I.       INTRODUCTION

          On April 25, 2022, plaintiff Candice McIntosh (“Plaintiff”) filed this action against defendant Clara Baldwin Stocker Home (“Defendant”) for willful misconduct, negligence, elder abuse, fraudulent concealment, constructive fraud, breach of fiduciary duty, fraud, medical battery, lack of informed consent, and wrongful death.  Plaintiff states that she brings this action on behalf of her deceased mother, Mattye Fegan-Perry (“Decedent”).

          On June 1, 2022, Defendant filed a demurrer arguing that Plaintiff lacks standing to bring nine of the causes of action asserted within the complaint and the cause of action for wrongful death is barred by the statute of limitations. 

          The demurrer and motion to strike were originally scheduled to be heard on July 6, 2022.  However, it was continued to September 12, 2022, in order to allow Plaintiff an opportunity to retain an attorney and to submit an opposition brief.  Defendant was also allowed to file a reply brief.   

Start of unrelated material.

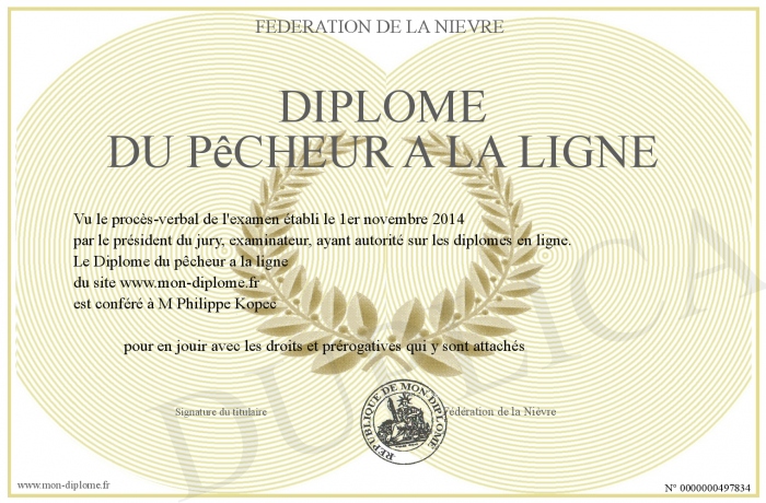 Envoyez par email votre Diplôme du pêcheur a la ligne personalisé

          On September 12, 2022, the Court continued the hearing once more to allow one more round of supplemental briefing.  Both Plaintiff and Defendant filed a supplemental brief on October 3, 2022.

II.      LEGAL STANDARDS

A demurrer tests the legal sufficiency of the pleadings and will be sustained only where the pleading is defective on its face. (City of Atascadero v. Merrill Lynch, Pierce, Fenner & Smith, Inc. (1998) 68 Cal.App.4th 445, 459.)  “We treat the demurrer as admitting all material facts properly pleaded but not contentions, deductions or conclusions of fact or law.  We accept the factual allegations of the complaint as true and also consider matters which may be judicially noticed.  [Citation.]”  (Mitchell v. California Department of Public Health (2016) 1 Cal.App.5th 1000, 1007; Del E. Webb Corp. v. Structural Materials Co. (1981) 123 Cal.App.3d 593, 604 [“the facts alleged in the pleading are deemed to be true, however improbable they may be”].)  Allegations are to be liberally construed.  (Code Civ. Proc., § 452.)  A demurrer may be brought if insufficient facts are stated to support the cause of action asserted.  (Code Civ. Proc., § 430.10, subd. (e).) 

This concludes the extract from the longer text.